Best Guide for CHL Texas beginners
Saturday, March 31, 2012 6:18:18 AM
Permalink
Texas considering disguised . handguns on campus
Texas lawmakers are weighing a bill that will allow professors and students to hold concealed weapons on university campuses. Before the voting commences, a public meeting to the measure will be announced soon on the legislature's site, searchable just by #sb354.
"This is concerning self-defense, " said San Antonio Republican Sen. Barry Wentworth, the legislation's recruit. "It's about protecting lives of students who are totally vulnerable and defenseless and capable to be picked off by a deranged shooter, as was the case in Virginia. "
Wentworth is referring to the April 2007 massacre with Virginia Tech when college student Seung-Hui Cho shot 32 people to death. All except two were killed in classrooms in a single on-campus building. Cho fully commited suicide as authorities neared. He had purchased the handguns applied to the massacre legally. (Discover CNN. com's special coverage with the Virginia Tech tragedy.)
Virginia Tech is a deadliest school shooting with U. S. history. The second-deadliest happened within 1966 when Charles Whitman killed 16 people and wounded 31 in the University of Texas with Austin. A student together with former U. S. Maritime, Whitman picked off a number his victims from his perch within a campus tower. Most just lately in Texas, a student fired a great assault rifle in September at the University of Texas. He killed himself, but nobody else was hurt.
"The Va shooter was mentally deranged. The people who can carry weapons on campus, when this passes, would end up licensed, and therefore entirely trained, " he said. "To get a permit in Texas, you ought to be 21, go through a 10-hour course and distribute an exam, and move out on a shooting range with a handgun and pass a test.
One would have to endure a criminal background check and pay a fee greater than $100, Wentworth said. "People do not lightly apply for the required permits, " he said. "We can have responsible, trained people there inside classroom. "
Opponents with the bill are concerned that more guns means more violence. Critics involve two Virginia Tech scholars who barely escaped Cho's rampage.
"I was there that day. It's the craziest day of my life with one person walking around with two guns, " Colin Goddard told reporters last week when he spoke out against the bill at the Florida Capitol. "I can't even imagine what it might have been like with multiple students and multiple guns. "
Goddard has been shot four times together with survived by playing dead. He wrote about his opposition to guns on campus for CNN. com within January.
Former Tech student John Woods, whose girlfriend was killed in the shooting, joined Goddard in Texas to speak about he, too, is against the bill.
chl texas, concealed carry texas, concealed carry texas
Texas considering disguised . handguns on campus
Texas lawmakers are weighing a bill that will allow professors and students to hold concealed weapons on university campuses. Before the voting commences, a public meeting to the measure will be announced soon on the legislature's site, searchable just by #sb354.
"This is concerning self-defense, " said San Antonio Republican Sen. Barry Wentworth, the legislation's recruit. "It's about protecting lives of students who are totally vulnerable and defenseless and capable to be picked off by a deranged shooter, as was the case in Virginia. "

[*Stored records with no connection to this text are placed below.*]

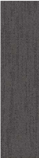
style 7081 2711 knit
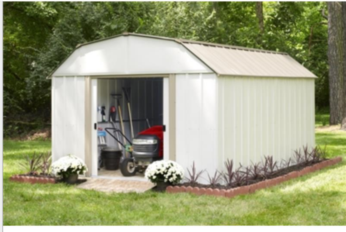
10' x 14' Electro galvanized steel Dakota shed.
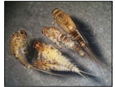
Baetidae (small minnow mayfly)

Wentworth is referring to the April 2007 massacre with Virginia Tech when college student Seung-Hui Cho shot 32 people to death. All except two were killed in classrooms in a single on-campus building. Cho fully commited suicide as authorities neared. He had purchased the handguns applied to the massacre legally. (Discover CNN. com's special coverage with the Virginia Tech tragedy.)
Virginia Tech is a deadliest school shooting with U. S. history. The second-deadliest happened within 1966 when Charles Whitman killed 16 people and wounded 31 in the University of Texas with Austin. A student together with former U. S. Maritime, Whitman picked off a number his victims from his perch within a campus tower. Most just lately in Texas, a student fired a great assault rifle in September at the University of Texas. He killed himself, but nobody else was hurt.

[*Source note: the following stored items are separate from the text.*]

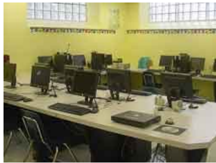
State-of-the-art Technology Lab
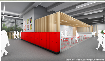
View of Pod Learning Commons
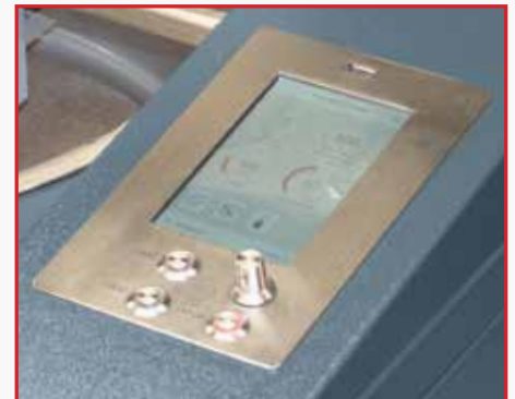
Touch Screen display for easy control of all functions
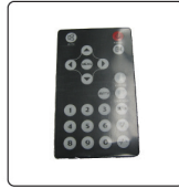
1- Remote Control
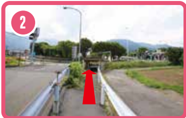
Walk along the path located to the west (toward the Komagane Interchange).
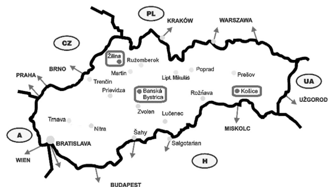
Fig. 1. A simplified map of cities selected for the study.

The samples were collected from roof runoff. All samples for the physicochemical parameters were taken as 24 h mixed samples, stored at 4 °C and processed within 24 h. Only selected physicochemical parameters were tested as microbiological parameters are not substantial for irrigation, maintenance, WC flushing, and
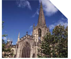
Sheffield Anglican Cathedral
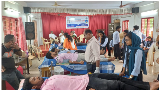
Blood donation camp, kollam, kerala
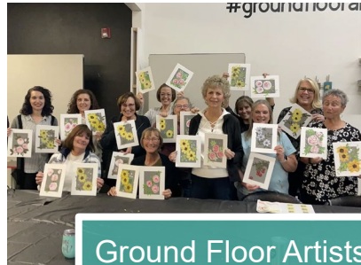
Ground Floor Artists
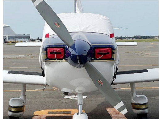
Socata TB10 Engine Plugs
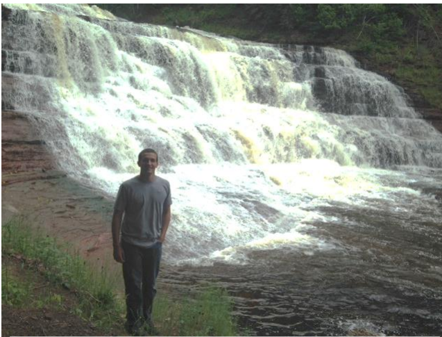
Agate Falls, Agate Falls Scenic site located in Ontonagon County, MI
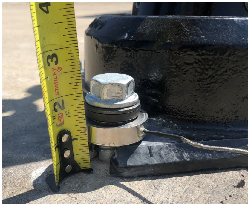
Figure 2 - Loss of Embedment at Load Cell

A 50,000 pound rated washer type load cell was installed under the head of the worst case anchor in order to read actual force exerted upwards by the bollard base onto the head of the anchor. Concrete used was 3,000 psi, 6"-7" thick parking lot grade. This allowed for three of the anchors to be seated fully as normal. The load cell anchor, however, lost a little over 1" of embedment depth due to the measure device and required structural washers. See Figure 2.

"The Va shooter was mentally deranged. The people who can carry weapons on campus, when this passes, would end up licensed, and therefore entirely trained, " he said. "To get a permit in Texas, you ought to be 21, go through a 10-hour course and distribute an exam, and move out on a shooting range with a handgun and pass a test.
One would have to endure a criminal background check and pay a fee greater than $100, Wentworth said. "People do not lightly apply for the required permits, " he said. "We can have responsible, trained people there inside classroom. "

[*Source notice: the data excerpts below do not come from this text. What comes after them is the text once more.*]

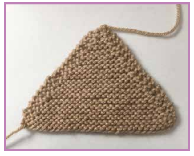
1 Lay the head triangle on a flat surface, as shown.

After countless requests on how to make the basic bear's head, here are some step-by-step instructions, with photos, to help you. Try not to over stuff the body of the bear and keep it in proportion to the head to achieve a uniform effect. Stuff the top of the arms very lightly, so that they will sit nicely when they are attached to the body.
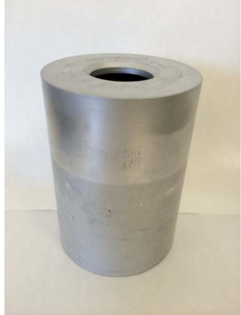
FIG. 4 Specimen Follower
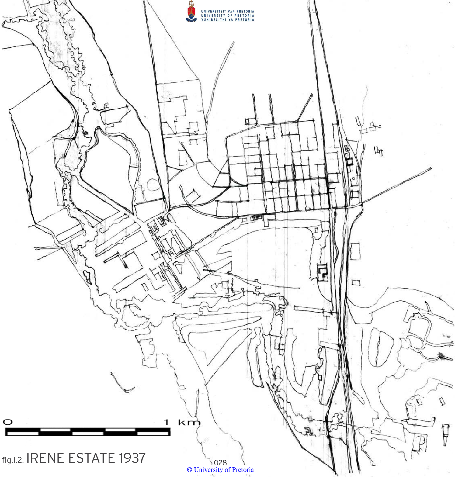
fig.1.2. IRENE ESTATE 1937

Opponents with the bill are concerned that more guns means more violence. Critics involve two Virginia Tech scholars who barely escaped Cho's rampage.
"I was there that day. It's the craziest day of my life with one person walking around with two guns, " Colin Goddard told reporters last week when he spoke out against the bill at the Florida Capitol. "I can't even imagine what it might have been like with multiple students and multiple guns. "
Goddard has been shot four times together with survived by playing dead. He wrote about his opposition to guns on campus for CNN. com within January.
Former Tech student John Woods, whose girlfriend was killed in the shooting, joined Goddard in Texas to speak about he, too, is against the bill.